WHAT NEEDS TO BE DONE
Once the images are set aside, print the remaining lines below exactly.

DATASET EXCERPT
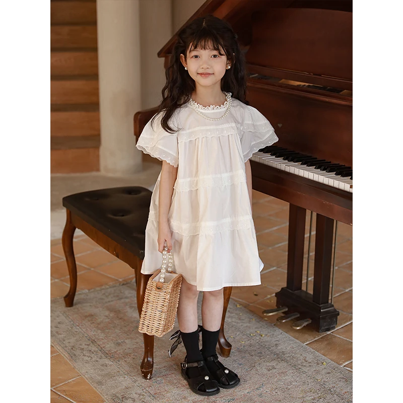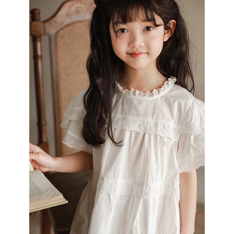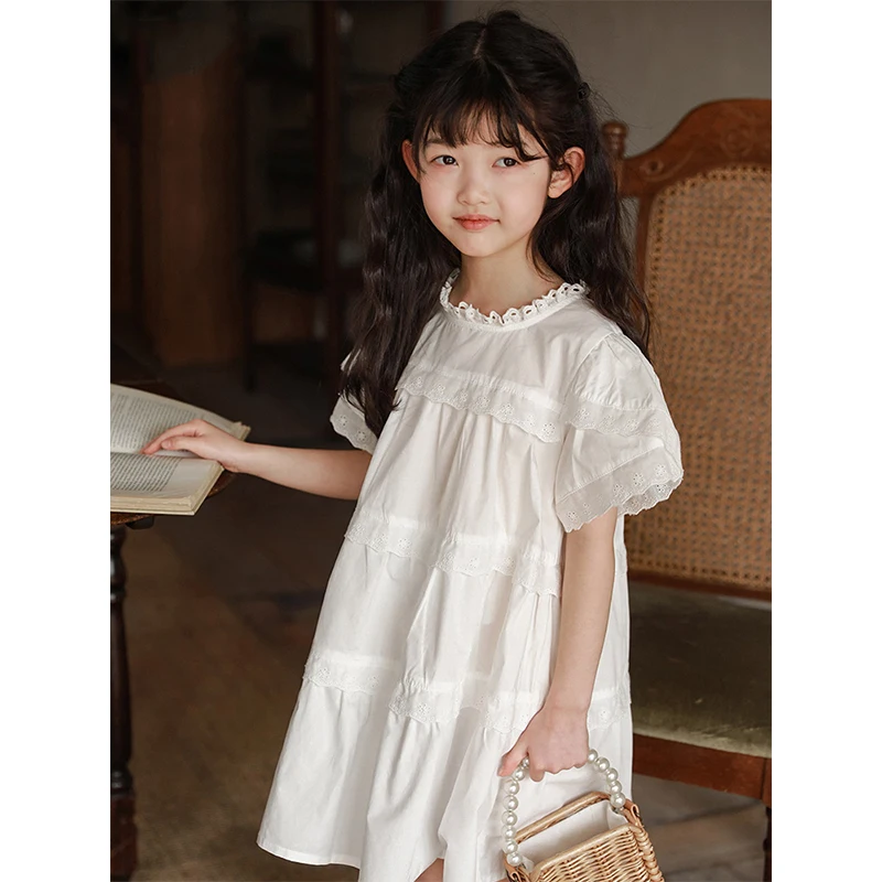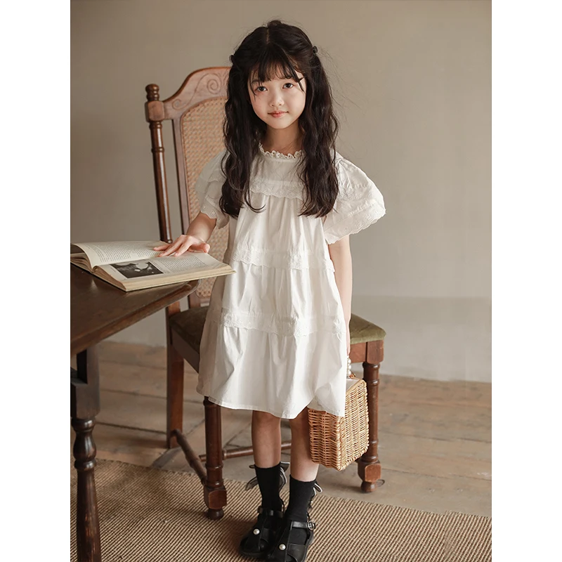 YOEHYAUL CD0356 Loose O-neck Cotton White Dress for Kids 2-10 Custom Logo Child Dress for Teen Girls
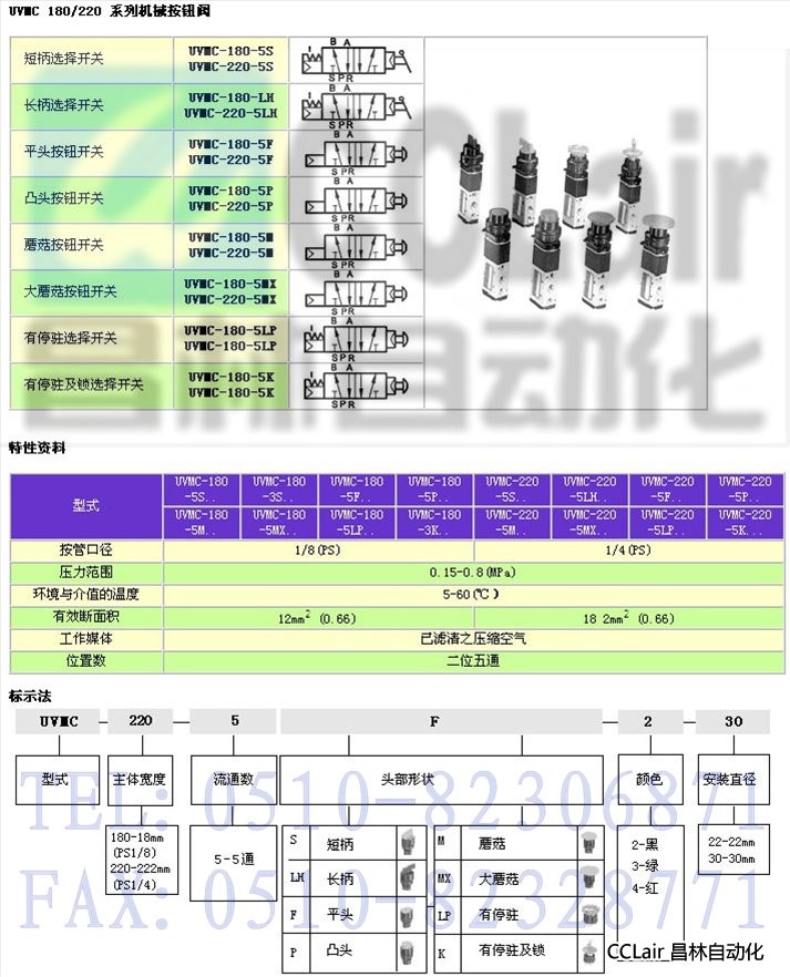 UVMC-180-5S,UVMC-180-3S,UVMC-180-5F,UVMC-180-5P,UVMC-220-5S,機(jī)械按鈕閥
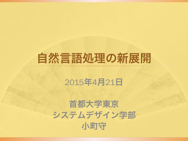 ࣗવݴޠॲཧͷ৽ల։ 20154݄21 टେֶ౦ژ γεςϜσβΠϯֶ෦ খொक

PROBLEM SOLUTION
 YOEHYAUL CD0356 Loose O-neck Cotton White Dress for Kids 2-10 Custom Logo Child Dress for Teen Girls
 UVMC-180-5S,UVMC-180-3S,UVMC-180-5F,UVMC-180-5P,UVMC-220-5S,機(jī)械按鈕閥
 ࣗવݴޠॲཧͷ৽ల։ 20154݄21 टେֶ౦ژ γεςϜσβΠϯֶ෦ খொक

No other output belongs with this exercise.